A custom-designed oligonucleotide microarray chip for P. chrysosporium recently developed in our laboratory was used (7, 45). Microarray slides were printed using 70-mer gene-specific oligonucleotides at the University of Cincinnati Genomics and Microarray Laboratory. The array consisted of a total of 250 genes, representing all 150 known P450 genes and 100 additional genes (including control genes and other metabolism-related genes) (7). The original gene names assigned in our earlier report (7) are retained, along with the corresponding updated names for ready reference. The additional genes included in the custom microarray comprised the following: 9 lignin peroxidase (LiP; lip) sequences (including 8 LiP isozyme-specific oligonucleotides and 1 common LiP signature oligonucleotide), 3 manganese-dependent peroxidase (MnP; mnp) genes, 2 housekeeping genes (namely, those encoding ubiquitin [ubq] and glyceraldehyde-3-phosphate dehydrogenase [gpd]), 25 mitogen-activated protein kinase genes, 9 cyclic AMP pathway genes, 4 sulfur metabolism genes, 8 nitrogen metabolism genes, 2 P450 electron transfer protein genes (those encoding cytochrome P450 oxidoreductase [POR] and cytochrome b5 reductase [cytb5r]), 3 phase I and phase II xenobiotic metabolism genes (those for microsomal epoxide hydrolase [m_eh], soluble epoxide hydrolase [s_eh], and glutathione S-transferase [gst]), and 35 other cellular metabolism-related genes. A detailed list of these genes is provided in our earlier report (7). Twenty-two of the P450 genes spotted were each represented by two separate oligonucleotides (instead of one oligonucleotide per gene) in order to verify the hybridization specificity of the chosen oligonucleotide probes. All 250 genes were spotted twice onto each microarray slide.

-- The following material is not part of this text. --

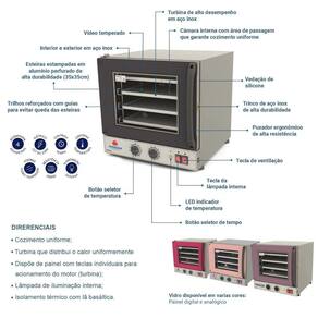 - Capaz de comportar até 8 assadeiras para alocar as formas de 35cm x 35cm
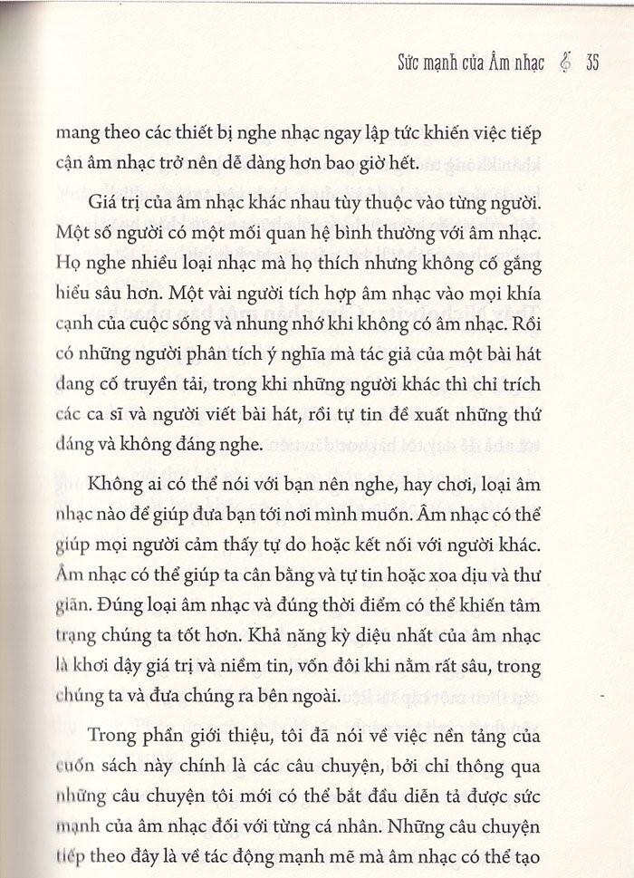 Một cách bản năng, chúng ta đều biết âm nhạc có sức ảnh hưởng rất lớn, ở nó có gì đó thật kỳ diệu. Khi nghe bài hát đúng tâm trạng, bạn sẽ khóc hoặc cười, gõ nhịp chân hoặc chỉ thở ra mãn nguyện “à”. Âm nhạc kết nối tới thứ gì đó sâu thẳm trong chúng ta, thứ gì đó liên quan đến khả năng sáng tạo ra mọi điều ta khao khát. Tôi đang không chỉ nói về hội họa, âm nhạc hay văn chương, mà mọi sự sáng tạo của cuộc sống – làm ra một chiếc bánh hoặc dọn sạch một khu vực trong nhà bạn, hay thậm chí chỉ là tạo ra một cảm xúc, tốt hoặc xấu. Âm nhạc mang đến cho chúng ta một đường dẫn trực tiếp tới sức mạnh đó và giúp nó nở rộ theo cách gần như không thể lý giải được. Tôi đã nghe nói về thuật ngữ “liệu pháp âm nhạc” cách đây ít lâu, nhưng chưa bao giờ thực sự chú ý, thành thật mà nói, thậm chí còn gạt nó đi vì từ “liệu pháp” (làm thế nào một thứ tuyệt vời như âm nhạc lại bị quy thành liệu pháp – như phân tâm học hay gì đó). Sau đấy, tôi đã gặp Jennifer Buchanan. Cô là một chuyên gia trị liệu âm nhạc được đào tạo, nhưng có điều gì đó ở Jennifer khiến tôi ngay lập tức nghiêm túc chú ý. Trước cô, chưa từng có ai nói với tôi những điều như vậy về âm nhạc. Gần với những điều “không thể lý giải nổi” mà tôi luôn biết có tồn tại trong âm nhạc nhưng chưa bao giờ thật sự nắm bắt được. Rõ ràng là Jennifer ấp ủ một cuốn sách và nóng lòng được xuất bản nó. Tôi chưa đọc cuốn sách nào về “liệu pháp âm nhạc”, nhưng tôi có thể nói rằng cô ấy đang cố gắng mang đến thứ gì đó chưa từng được trình bày đầy đủ trên giấy. Tôi nói với cô ấy rằng khoa học về âm nhạc không phải là điều khiến chủ đề này hấp dẫn tôi. Khi cô ấy bắt đầu kể cho tôi nghe các câu chuyện của mình, tôi biết rằng những câu chuyện đó đã hàm chứa câu trả lời: đó là những gì âm nhạc có thể làm với một người đang cần được cổ vũ, giảm căng thẳng, hay thậm chí đang tìm cách kết nối trở lại với thế giới. Bốn năm đã trôi qua kể từ lần đầu tiên tôi gặp Jennifer và hai năm kể từ khi chúng tôi xuất bản ấn phẩm đầu tiên của cuốn sách này. Sau khi đọc một số bản nháp sơ bộ, tôi đã gợi ý cho cô về cách làm nổi bật thông điệp. Sau khi đọc cuốn sách của cô, tôi đã suy nghĩ rất nhiều về âm nhạc và việc không hiểu sao cuộc sống của tôi lại thiếu đi âm nhạc nhiều đến thế. Tôi yêu âm nhạc, tôi lớn lên với việc chơi piano.  Tôi có thể chọn bất kỳ nhạc cụ nào, trừ đàn guitar vì một vài lý do, và học chơi khá nhanh. Nhưng vài năm trước, tôi không còn nghe nhạc thường xuyên nữa. Tôi không còn bật radio trong xe hơi vì thích sự im lặng. Là một tác giả, đôi khi tôi tập trung hoàn toàn vào những suy nghĩ của mình. Tôi nói về việc “nghe” một cuốn sách trong đầu trước khi viết nó ra, vì vậy có thể nói rằng tôi “viết” liên tục, bất kể tôi đang làm  gì khác. Nhưng kể từ khi đọc bản nháp đầu tiên của cuốn sách này, tôi đã có chút áy náy với ý nghĩ mình không còn nghe nhạc nhiều như trước nữa, và chắc chắn tôi đã không nghe bất cứ thứ gì có thể chắp cánh cho mình. Tôi có một cô con gái đang học tiểu học nên chúng tôi thường xuyên nghe nhạc pop, nhưng các thể loại khác thì không nhiều lắm. Rồi một buổi sáng Chủ nhật, tôi từ cửa hàng tạp hóa trở về nhà. Người cha yêu dấu của tôi vừa qua đời khoảng ba tuần trước đó; tôi ngập ngụa trong công việc, và không hề vui vẻ – tôi chỉ làm việc nhà, đảm bảo gia đình mình được chăm sóc đầy đủ. Khi bước vào cửa, tôi nghe thấy chất giọng tuyệt vời của James Taylor đang hát “Sweet Baby James”. Chúng tôi có một cái máy nghe nhạc nhỏ trong bếp, không phải là đồ xịn gì và chồng tôi đã bật đĩa Những bài hát hay nhất của James Taylor mà anh tìm được tại một cửa hàng từ thiện ngày hôm trước. Khi nghe những giai điệu của bài hát đó, tôi đã suýt khóc. Đó là thứ hay nhất mà tôi được nghe trong suốt một thời gian dài. Vì bất cứ lý do gì, buổi sáng hôm đó, giai điệu ấy chính là âm nhạc “của tôi”, và thông điệp từ cuốn sách của Jennifer bừng lên trong tôi. Khi tôi cần một thứ gì đó êm dịu dễ chịu, thì nó đây: James Taylor đang hát cho tâm hồn tôi. Ngay lập tức tôi cảm thấy thư giãn hơn. Tôi bỏ túi đồ tạp hóa trên tay xuống và bắt chồng khiêu vũ với mình ngay giữa bếp. Sau suốt một thời gian dài tôi mới cảm thấy kết nối với cuộc sống nhiều đến thế. Đó là một kỷ niệm tôi sẽ trân trọng. “Ứng dụng âm nhạc để thay đổi cuộc sống” là cuốn sách về việc sử dụng âm nhạc có chủ đích. Bạn sẽ thấy rõ điều này hơn trong các trang tiếp theo, nhưng tôi chắc chắn, theo bản năng, bạn vốn đã biết điều đó nghĩa là gì rồi. Đó là việc tìm kiếm âm nhạc phù hợp cho bất kỳ tình huống nào: khi bạn

Differential microarray analyses of the experimental (NP-treated) cultures versus the control (untreated) cultures were performed using four biological replicates for each nutrient condition. The two nutrient conditions (those with ME and LN) were thus investigated independently. RNA samples from two of the four replicates for a given nutrient condition were labeled with a monofunctional fluorescent dye, Cy3 dye (green) for NP-treated cultures and Cy5 dye (red) for untreated controls. The remaining two replicates were labeled with the opposite dye (i.e., Cy3 for control cultures and Cy5 for experimental cultures). Following hybridization, the slides were scanned using both Cy5 (635-nm) and Cy3 (532-nm) fluorescence channels on the Axon 4000B scanner (Molecular Devices Corporation). The photomultiplier tube settings for Cy3 and Cy5 were optimized to obtain the same amounts of red and green signals, resulting in an overall pixel ratio of 1.0. The raw spot intensities (2 spots × 4 slides = 8 spots per gene) were obtained using GenePix Pro 5.4 software.

Microarray data analysis.

Data analysis was performed as described in our earlier report (7). Briefly, the data were normalized for the background and array-specific local regression was performed using the SAS statistical software package (SAS Institute Inc.). This was followed by the identification of the differentially expressed genes by fitting gene-specific mixed linear models (42). This model comes close to a three-way analysis of variance except that one of the variables (the array) is treated as a random effect. A multiple hypothesis testing adjustment of false-discovery rates (FDRs) was performed. An arbitrary cutoff of a twofold change in the transcript level was used to identify the differentially expressed genes. Expression profiles were clustered using average-linkage-based hierarchical clustering (10).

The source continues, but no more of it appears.